:: Records
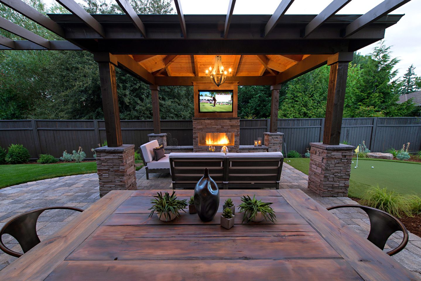 For example, if your yard is filled with lush greenery and natural stone features, then use wood beams and posts to construct your gazebo. If there are more contemporary elements present in your outdoor area, then opt for metal poles rather than wood.
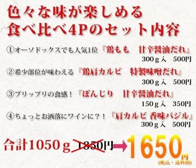 | 内容量 | 1050g(鶏もも肉 甘辛醤油300g) (肩カルビ 特製みそ300g) (ぼんじり 甘辛醤油150g) (肩カルビ 香味バジル300g) |
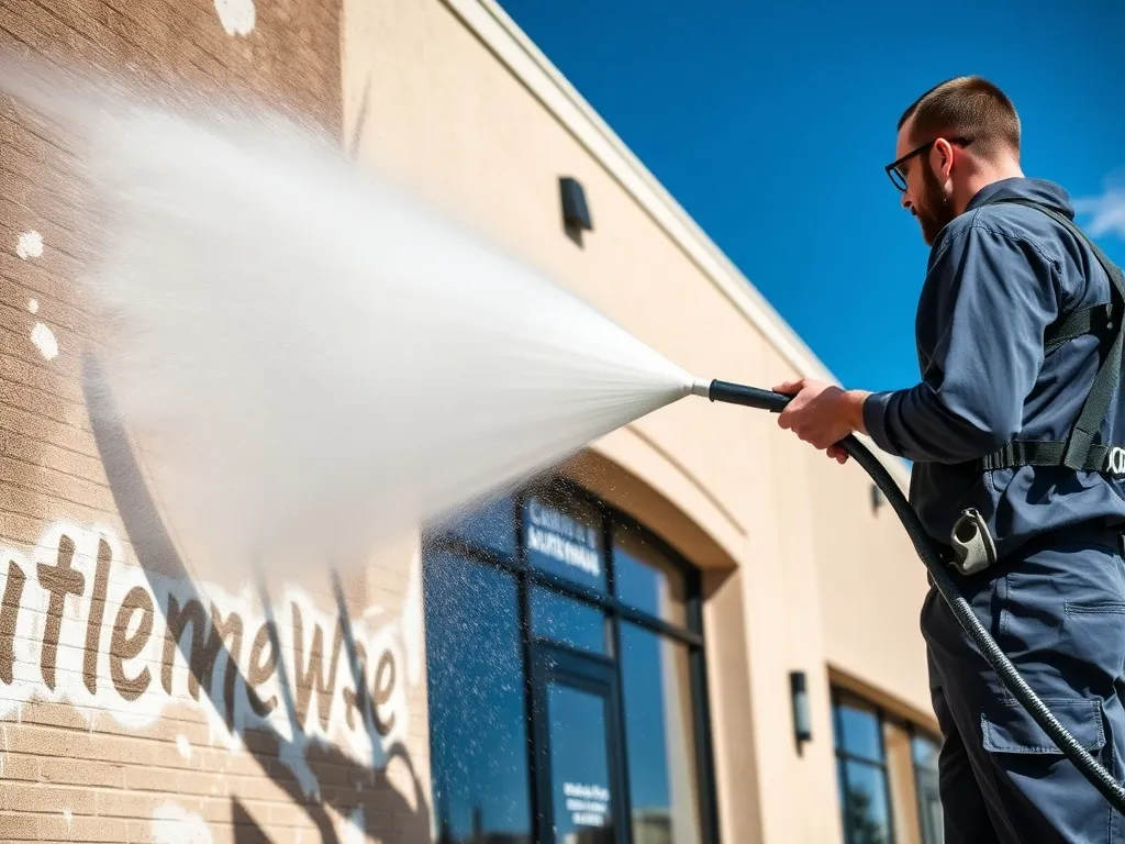 Power washed a commercial building in North Dallas TX, removing dirt, mold, and graffiti for a fresh, professional look.
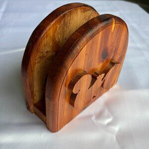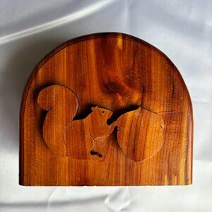 Carved Wood Squirrel Napkin Holder
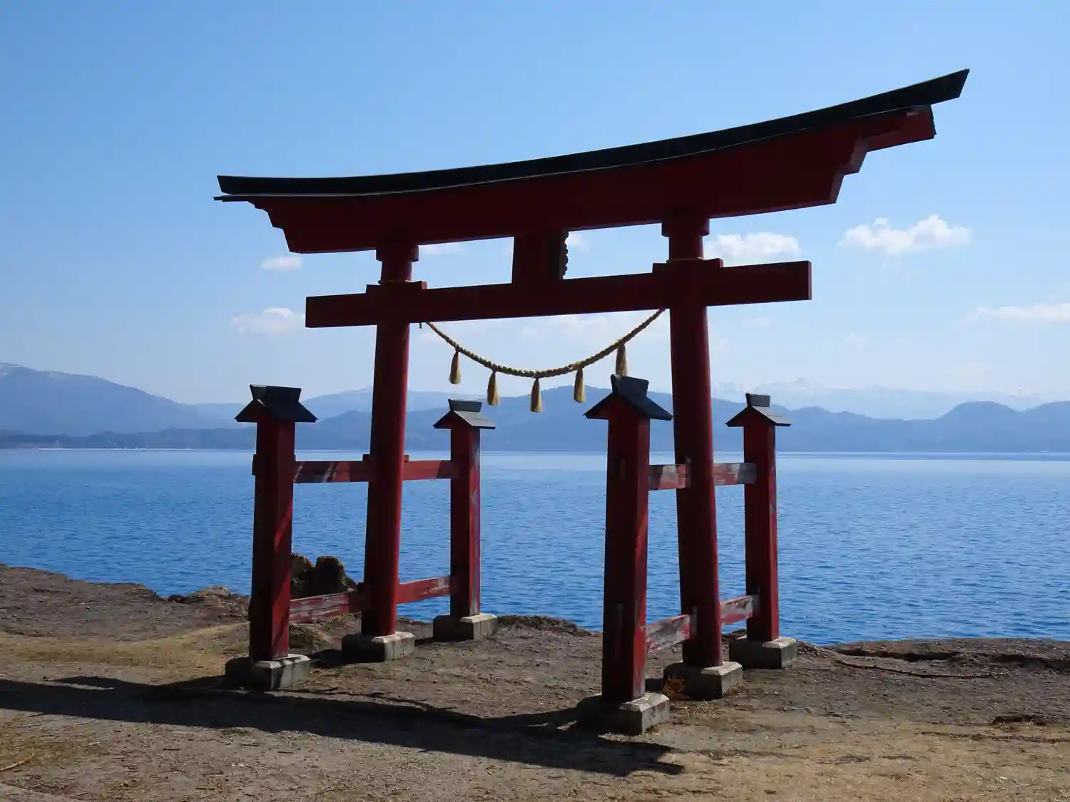 田沢湖畔にたたずむ鳥居がとても綺麗です
::::
▸ **Exercise**
The copy must start at the line containing "(肩カルビ 香味バジル300g) |" and end at the last line of the data, matching each line exactly. It must hold no pictures.

▸ **Problem solution**
 | 内容量 | 1050g(鶏もも肉 甘辛醤油300g) (肩カルビ 特製みそ300g) (ぼんじり 甘辛醤油150g) (肩カルビ 香味バジル300g) |
 Power washed a commercial building in North Dallas TX, removing dirt, mold, and graffiti for a fresh, professional look.
 Carved Wood Squirrel Napkin Holder
 田沢湖畔にたたずむ鳥居がとても綺麗です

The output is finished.